By Professor Stuart Haszeldine – SCCS Director & Professor of Carbon Capture and Storage, The University of Edinburgh
A green industrial strategy for Scotland is a very welcome vision. Scotland has immense opportunities to grow from a fossil fuel economy into a clean and green energy provider of wind power, electricity, and low carbon hydrogen. These new industries will adapt skilled workers and create wealth for many decades to come. And Scotland can offer huge quantities of exceptionally secure carbon storage to assist our European neighbours to decarbonise.
The Scottish Government sees carbon capture, utilisation and storage (CCUS) as one of the top five areas of strength and opportunity for Scotland to compete in the global transition to net zero. As European mandates rapidly increase the demand for CO2 storage, this is an opportunity for Scotland to help the established offshore oil industry transition to a new business of storing as much carbon as it produces each year - aligned with the recent United Kingdom Supreme Court judgements.
With timely government support through licensing and regulation, Scotland can become a centre for a broader green economy. These projects are being built now across Europe, creating new opportunities for construction and service companies. And abundant CO2 storage is available now beneath the seabed around Scotland. And carbon capture is being applied now in Scotland on agriculture and distilling. And low carbon hydrogen and electricity is being created now to infill variable wind power. Carbon management has arrived. Scotland needs only to grasp the prize.
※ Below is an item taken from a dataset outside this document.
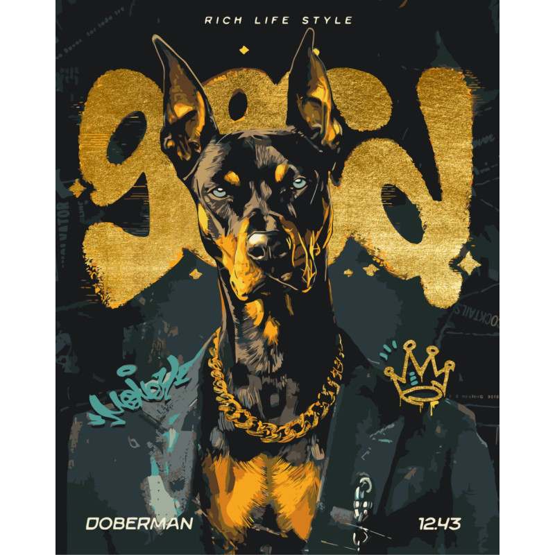 Картина за номерами Доберман із золотим ланцюгом З фарбами металік 40*50 см LW 30460

If Scotland is not yet ready to build and strengthen the economy in the transition from fossil fuels, lessons have not been learned from the externally driven closures of Linwood and Bathgate car manufacturing, Ravenscraig steel, Cockenzie and Longannet coal power. And now Grangemouth refinery. Looking back, why did Scotland not already have a long conversation concluded with INEOS to create a transition of mutual benefit? Perhaps by redeploying the established skilled people to make bio-refinery products; and promoting the CCUS opportunity for Grangemouth to become a low carbon cluster of new industries? "But you know our sense of timing. We always wait too long”. A conversation about the future of Grangemouth petrochemicals must be introduced. And Mossmorran too, on borrowed time and fading North Sea hydrocarbons. The opportunity is clear. It's only a matter of timing.